-------- Provided material --------
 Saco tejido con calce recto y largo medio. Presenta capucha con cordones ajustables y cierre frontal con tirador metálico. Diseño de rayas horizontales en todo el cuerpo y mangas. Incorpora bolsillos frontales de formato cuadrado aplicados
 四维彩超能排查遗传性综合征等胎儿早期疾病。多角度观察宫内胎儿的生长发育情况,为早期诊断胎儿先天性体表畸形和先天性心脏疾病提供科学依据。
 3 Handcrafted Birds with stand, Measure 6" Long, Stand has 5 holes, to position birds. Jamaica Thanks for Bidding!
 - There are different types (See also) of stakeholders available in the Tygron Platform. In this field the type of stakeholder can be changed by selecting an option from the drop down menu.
--------
-------- Provided material --------
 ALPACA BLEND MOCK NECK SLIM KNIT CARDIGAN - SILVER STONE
--------
#### What you will do:
Looking back over the data above, restate word for word the lines that begin at the line with "3 Handcrafted Birds" and end at the line with "- There are", inclusive.

#### Result for this task:
 3 Handcrafted Birds with stand, Measure 6" Long, Stand has 5 holes, to position birds. Jamaica Thanks for Bidding!
 - There are different types (See also) of stakeholders available in the Tygron Platform. In this field the type of stakeholder can be changed by selecting an option from the drop down menu.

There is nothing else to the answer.